The DEGs and their relation to various diseases were analysed using a gene-disease analysis. Our findings for COVID-19 revealed the involvement of several diseases, such as lung cancer, cardiovascular diseases, blood disorders, liver ailments, and blood coagulation disorders. According to some reviews, SARS-CoV-2 could exacerbate the pathological process of degenerative osteoarthritis. ACE2 expression, RAS imbalances, inflammation, and dysfunction at the molecular level have been suggested as the causative factors [64]. Based on the aforementioned reports, we speculate that systemic inflammation and ischaemia could aggravate cardiac injury in patients with HCM. Hence, anti-inflammatory therapy is particularly important for patients with COVID-19 and HCM.

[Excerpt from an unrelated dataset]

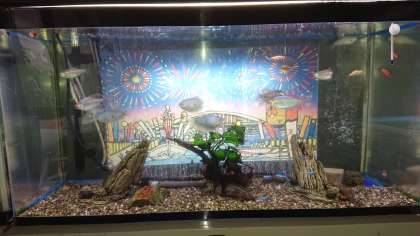 本校、玄関の水槽です。毎夏、最大の地域行事である『天神祭』(毎年、7月24日・25日開催)を気分だけでも味わっていただけたら!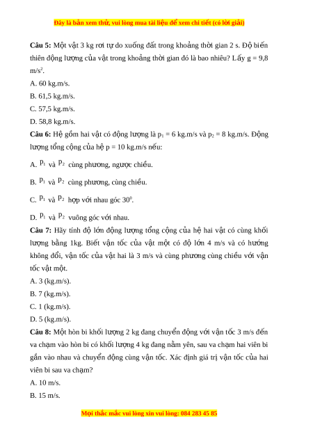 Đây là bản xem th , vu ử i lòng mua tài li u ệ đ xe ể m chi ti t (c ế ó l i ờ gi i ả ) Câu 5: M t ô v t â 3 kg r i ơ t ư do xu ng ô đ t â trong kho ng a th i ơ gian 2 s. Đ ô bi n ê thiên đ ng ô lư ng ơ c a u v t â trong kho ng a th i ơ gian đo la bao nhiêu? L y â g = 9,8 m/s2. A. 60 kg.m/s. B. 61,5 kg.m/s. C. 57,5 kg.m/s. D. 58,8 kg.m/s.

Herein, we identified dasatinib, a tyrosine kinase inhibitor used for leukaemia. Previous reports predicted that dasatinib could inhibit the binding of SARS-CoV-2 spike protein to ACE2 [65]. However, dasatinib has not yet been previously reported as a treatment option for patients with HCM. By boosting the activation of the mammalian target of rapamycin complex 2, rapamycin, another drug candidate discovered, may be used to reduce inflammation in patients with heart disease [66]. Meanwhile, another drug, decitabine, could increase neoantigen expression to enhance T cell-mediated toxicity against glioblastoma [67]. Testosterone enanthate replacement therapy is commonly used in patients with low testosterone [68]. Additionally, testosterone administration helps suppress the inflammatory response [69] and modulates the immune response, which would be more significant in female patients. We witnessed the first case of corticosteroid and tocilizumab application in reversing the severely reduced left ventricular systolic function due to myocardial depression caused by COVID-19 [70]. This partially demonstrates the clinical viability of our candidate drugs in patients with HCM and paves the way for future pharmaceutical studies. Although we could identify candidate drugs based on our bioinformatics analyses, the findings are also limited in that no experiments or further analytical validation were performed on the data obtained. These reasons could lead to unreliable and imprecise conclusions. Thus, further experiments or clinical trials are necessary to validate their effectiveness and safety.

5. Conclusions

As the COVID-19 vaccine becomes more widely used, more side effects are being reported [71]. Despite the ongoing development of numerous COVID-19 vaccines, mutant SARS-CoV-2 strains continue to appear. According to this study's bioinformatics analysis, the 10 most important genes that HCM and COVID-19 have in common are THBS2, BGN, COL1A2, ACTA2, MYH11, AEBP1, ISLR, FRZB, MFAP4, and LOXL1. Each of these hub genes is essential for various functional mutation developments. Therefore, we used transcriptomic analysis to identify shared pathways and molecular biomarkers between HCM and COVID-19, which could aid in COVID-19 vaccine development and the discovery of novel therapeutic targets.